= Swedish overseas trade during World War II =

From the German capture of Denmark and Norway, the Swedish overseas trade during World War II was mainly blocked by the battle of the Atlantic, but Swedish diplomats convinced Germany and the United Kingdom to let through a few vessels, mainly to the United States until their entrance into the war, and neutral countries in Latin America. These transports, called lejdtrafiken, "the safe conduct traffic", were monitored by both powers, and ten of them were sunk during the war. Sweden mainly imported petroleum products and agricultural produce, and exported wood products. Overall, petrol imports to Sweden greatly decreased, and substitute fuels were found.

Sweden traded considerable goods with Germany during the war, particularly iron, iron products, ball bearings, and trucks. Though Sweden purchased American manufactured military aircraft early in the war, sales became prohibited by the US government in 1940. As a result Sweden bought 200 planes from Italy instead. As the war progressed, strategic products such as rubber and metals were prohibited.

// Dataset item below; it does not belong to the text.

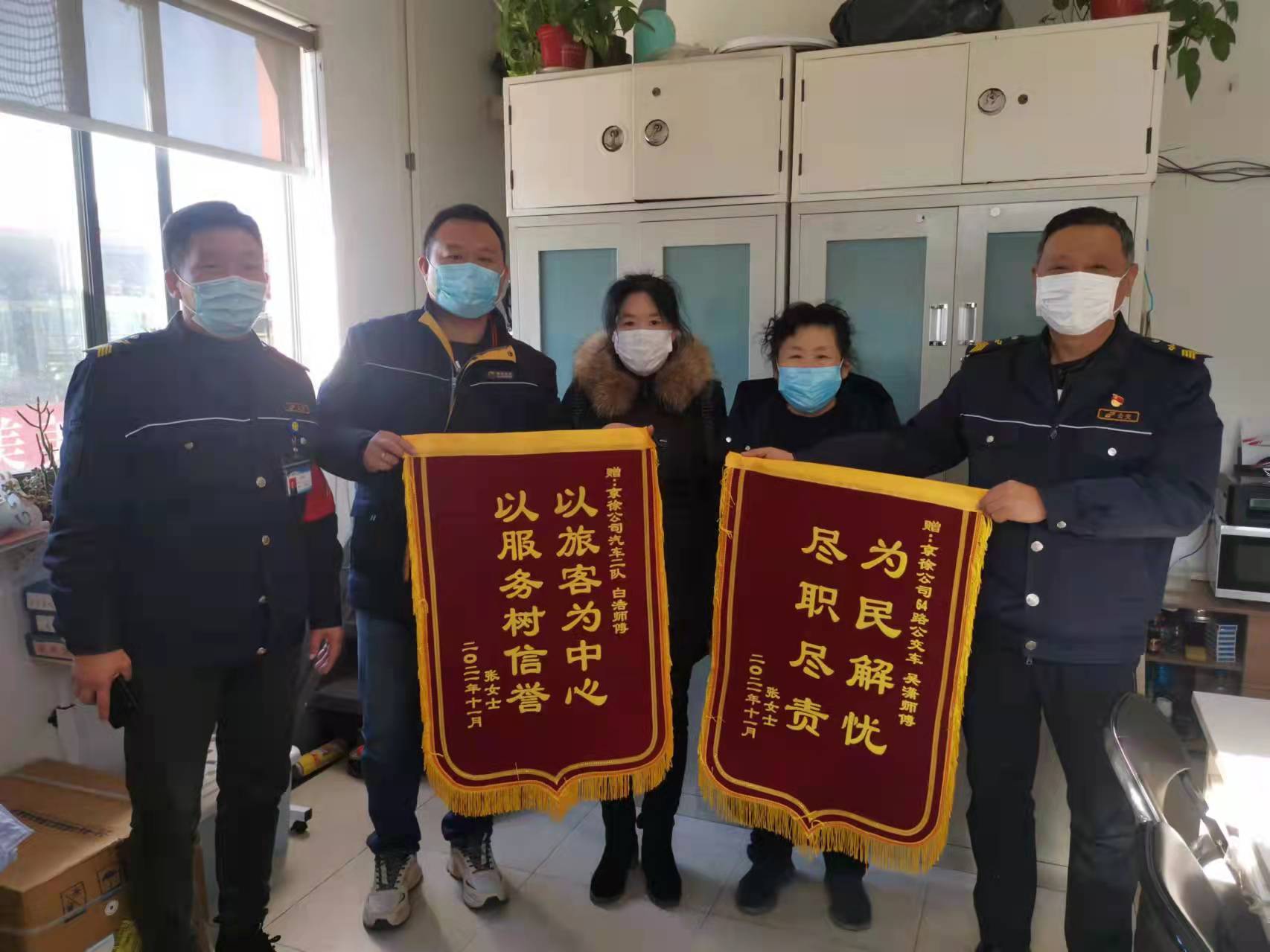 11月11日上午,乘客張女士帶著兩面錦旗來(lái)到食品城車(chē)隊(duì),感謝64路駕駛員吳瀟和現(xiàn)場(chǎng)調(diào)度白浩。
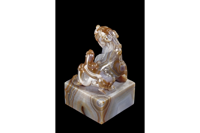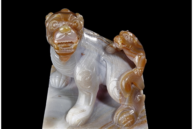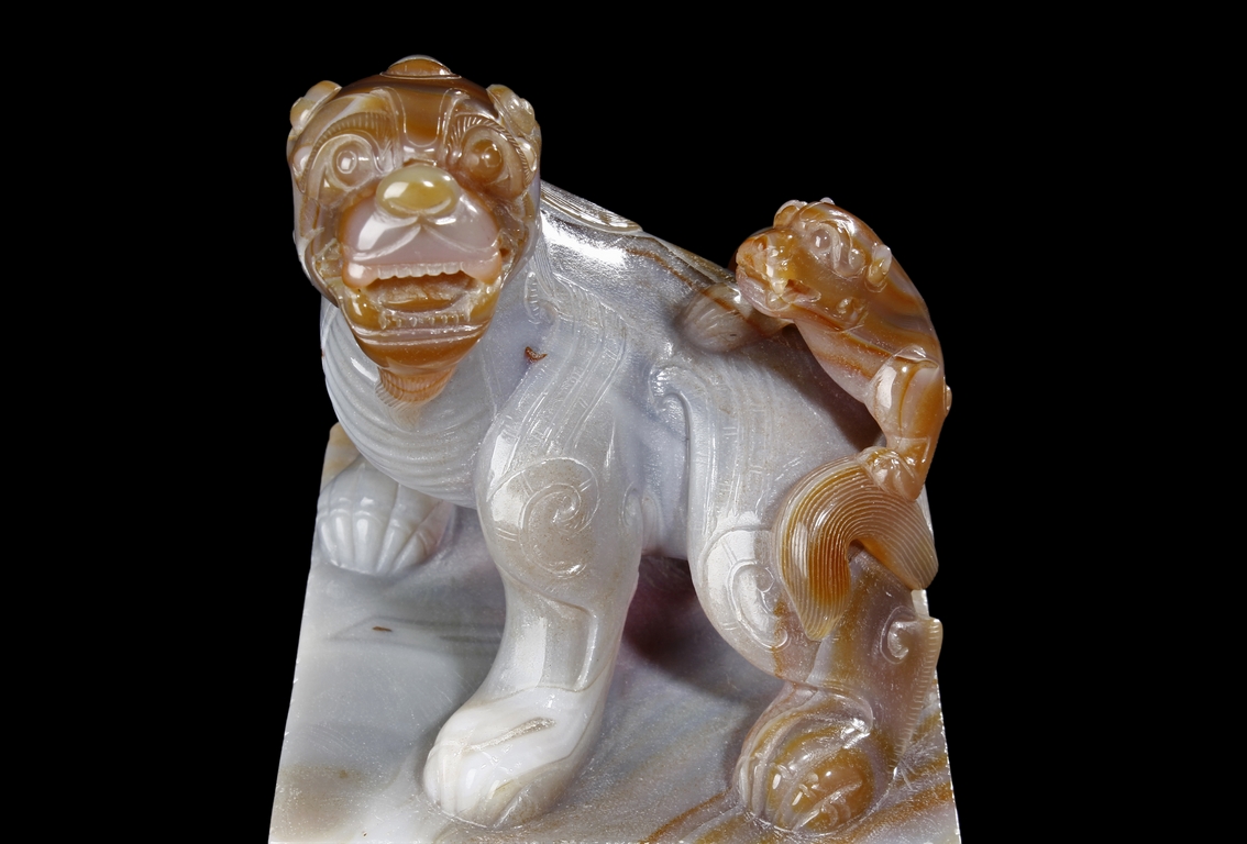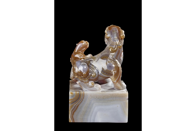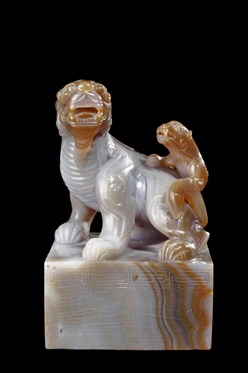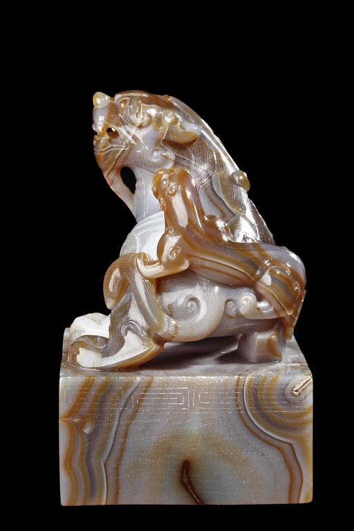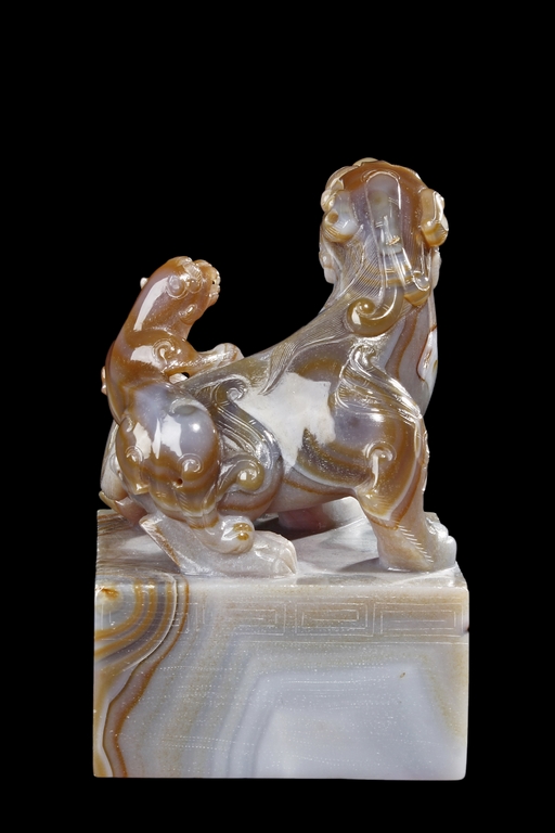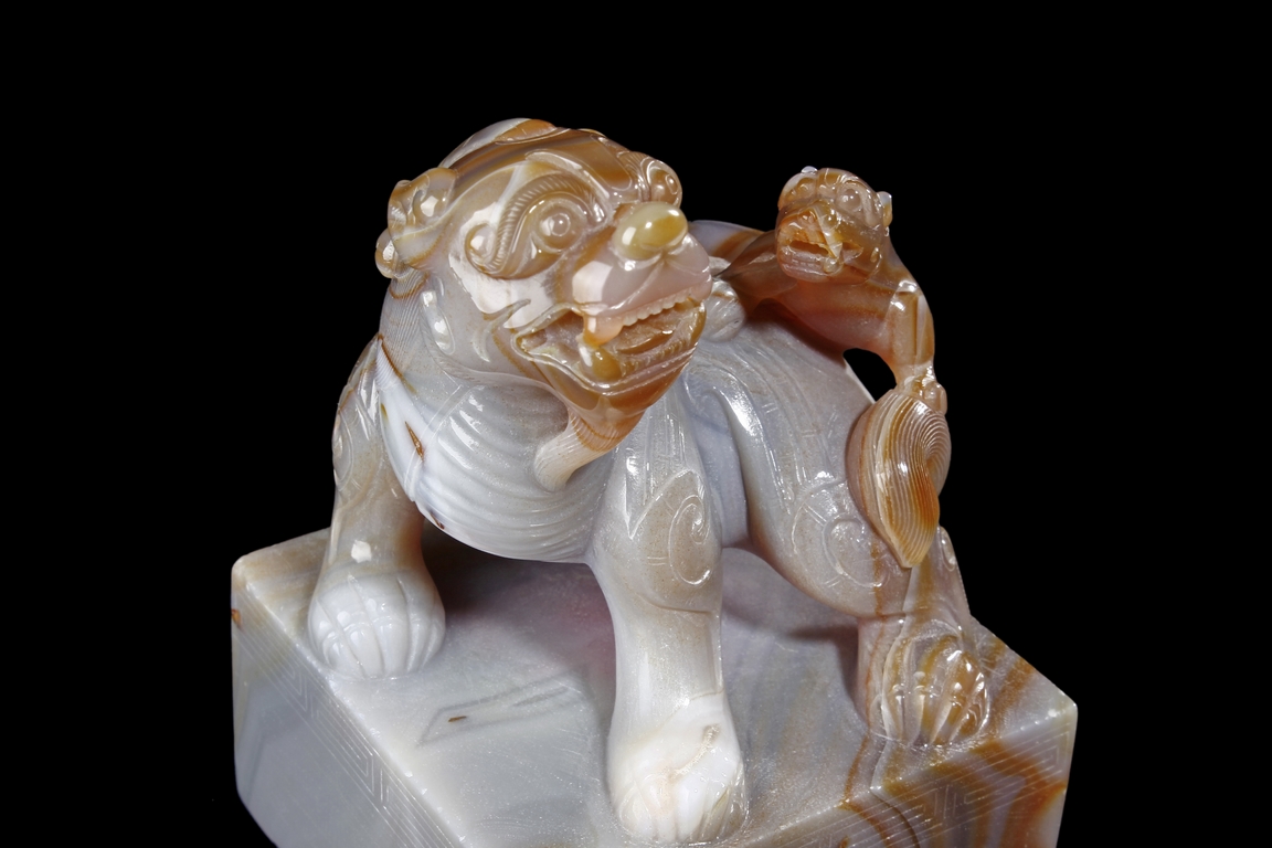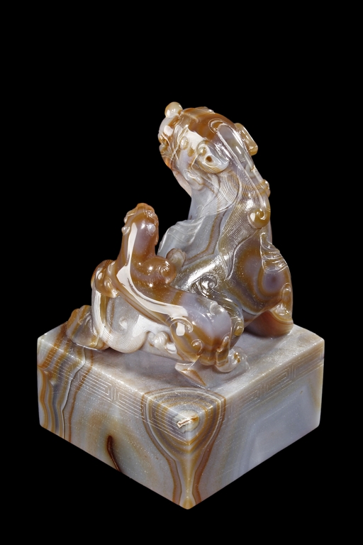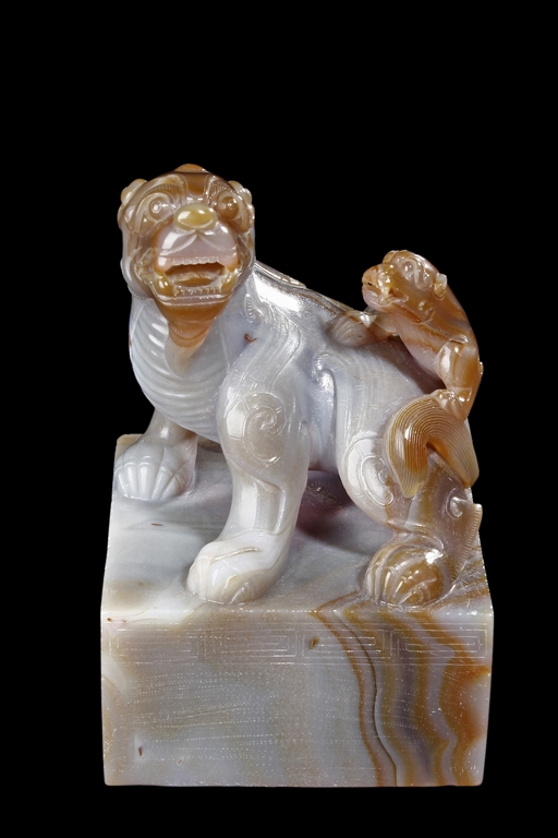 The slightly compressed square stamp seal lightly carved on the side with scrolling key-fret patterns, the top mounted with two mythical beasts, the smaller one standing on the larger one's back, the stone of natural color and layers, the bottom carved with four Chinese characters.

Import from Sweden to the United Kingdom was organised in several blockade-running operations such as Operation Rubble (January 1941), Operation Performance (March 1942) and Operation Bridford (October 1943 to March 1944). Historian Christian Leitz says that Sweden violated their neutrality by offering the United Kingdom ball bearings at a discount. In 1938 SKF only charged the UK 74% of what they charged Germany and in 1943 only 68%, whereas historian Eric Bernard Golson says that neutral powers such as Sweden maintained their neutrality and independence by offering economic concessions to the wartime powers to make up for their relative military weakness.